Now we have to iterate over our batch and process each example.
for i, row in enumerate(boxes):
path, x0, y0, w, h = row
First, we have to create an input from the image path. To do that we’re going to use tf.keras.preprocessing.image.load_img
.
proc_image = tf.keras.preprocessing.image.load_img(self.data_path + path)
image_width = proc_image.width
image_height = proc_image.height
proc_image = tf.keras.preprocessing.image.load_img(self.data_path + path,
target_size=(cfg.NN.INPUT_SIZE, cfg.NN.INPUT_SIZE))
proc_image = tf.keras.preprocessing.image.img_to_array(proc_image)
proc_image = np.expand_dims(proc_image, axis=0)
proc_image - tf.keras.applications.mobilenet_v2.preprocess_input(proc_image)
batch_images[i] = proc_image
For each image, we need to extract original width and height to be able to scale x0, y0, w, h of our box. That’s why we’re calling this method twice (second time with target_size
set to our 224x224). In the end, our processed image is stored in batch_images
.
Next, we have to deal with box position and size. Original values are integers and represent a point on the original image. What we need to do is to scale them into <0,1> values. That’s why we need image_width
and image_height
from the original image.
image_width = proc_image.width
image_height = proc_image.height
# make sure none of the points is out of image border
x0 = max(x0, 0)
y0 = max(y0, 0)
x0 = min(x0, image_width)
y0 = min(y0, image_height)
x_c = (cfg.NN.GRID_SIZE / image_width) * x0
y_c = (cfg.NN.GRID_SIZE / image_height) * y0
floor_y = math.floor(y_c) # handle case when x i on the corner
floor_x = math.floor(x_c) # handle case when y i on the corner
batch_boxes[i, floor_y, floor_x, 0] = h / image_height
batch_boxes[i, floor_y, floor_x, 1] = w / image_width
batch_boxes[i, floor_y, floor_x, 2] = y_c - floor_y
batch_boxes[i, floor_y, floor_x, 3] = x_c - floor_x
batch_boxes[i, floor_y, floor_x, 4] = 1
This section applies extra validation to be sure that our point lays inside the image. Except that we’re calculating relative position of that point to whatever grid cell it is in.

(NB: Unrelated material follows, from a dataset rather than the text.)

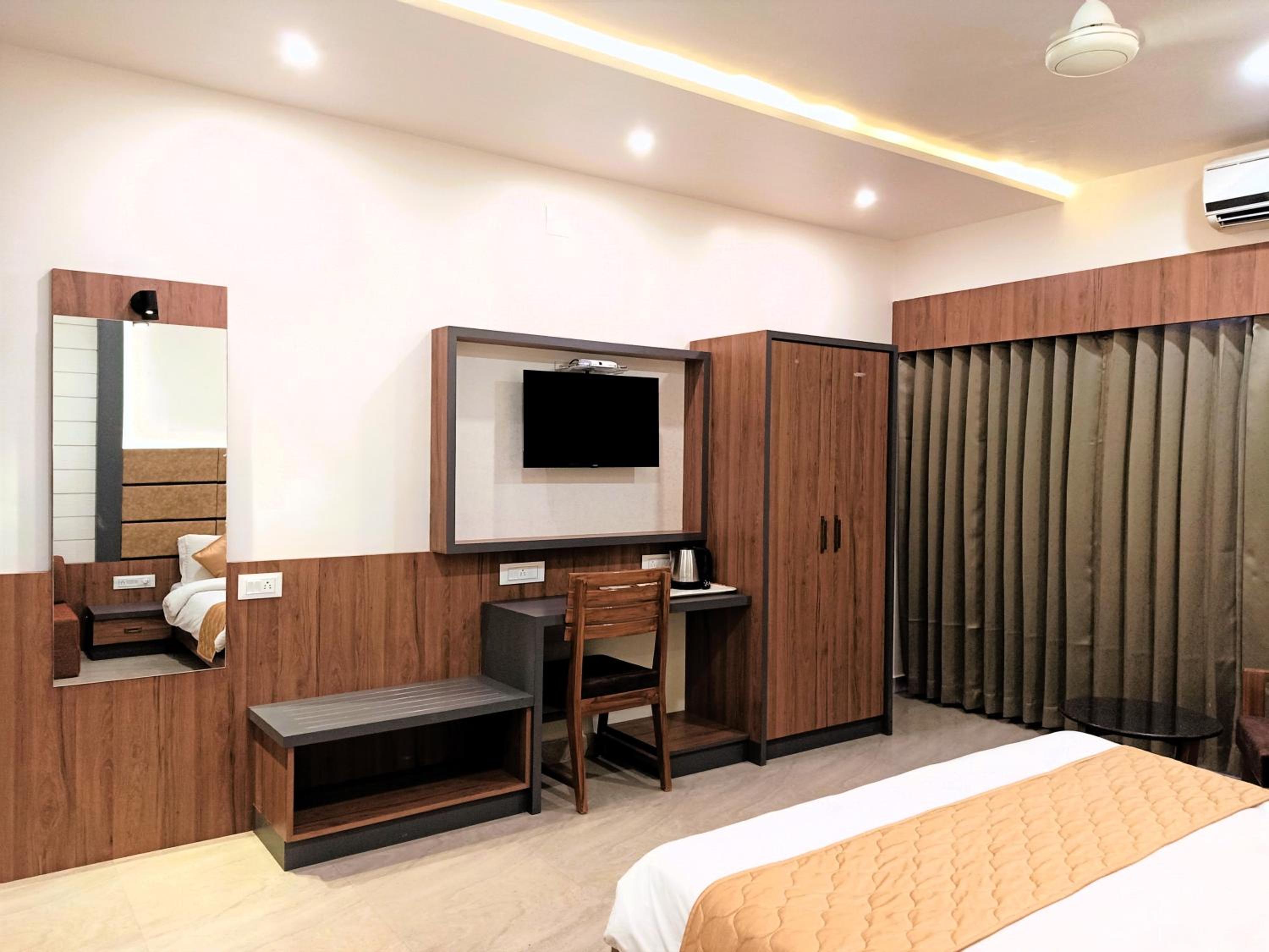 Relaxing Outdoor Pool and Restaurant: Guests can unwind by the outdoor pool or enjoy delicious Indian, Chinese, and continental cuisine at the onsite restaurant.

Default values for this point might be:
- x = 0.35 (relative to top left corner)
- y = 0.35 (relative to top left corner)
But our output requires position in relation to the grid cell (one which contains the point). Because of that new coordinates are as follows:
- x = 0.5 (relative to cell top left corner)
- y = 0.5 (relative to cell top left corner)
In the end, we’re saving those values inside i-th output and 3x3 grid cell (rest of them remains zero). Notice that the width and the height of the box are still scaled to the full image.
After we process all examples in the batch we need to only return both arrays
return batch_images, batch_boxes
To use our generator just create an instance of it and pass right paths
train_datagen = DataGenerator(file_path=cfg.TRAIN.DATA_PATH, config_path=cfg.TRAIN.ANNOTATION_PATH)
val_generator = DataGenerator(file_path=cfg.TEST.DATA_PATH, config_path=cfg.TEST.ANNOTATION_PATH, debug=False)
now we can fit our data for training
model.fit_generator(generator=train_datagen,
epochs=cfg.TRAIN.EPOCHS,
callbacks=[# your callbacks for TF],
shuffle=True,
verbose=1)
Here is full code for DataGenerator Class: https://gist.github.com/burnpiro/c3835a1f914545f2034f4190b1e83153
Summary
If you’re working with complex datasets (or just really large ones) it’s a good idea to think about Sequences and create your won Sequence Class for data generation. It’s efficient (multithreading out of the box) and easy to maintain way you’ll appreciate, especially when working with the team of engineers and version control.
This code is just an example, your implementation may (and probably will) look different. Everything depends on specific problems and structure of the dataset but imho it’s a lot easier to define data processing inside class than using C like approach you can find inside Tensorflow guides.
Have a Happy New Year and see you in 2020!!!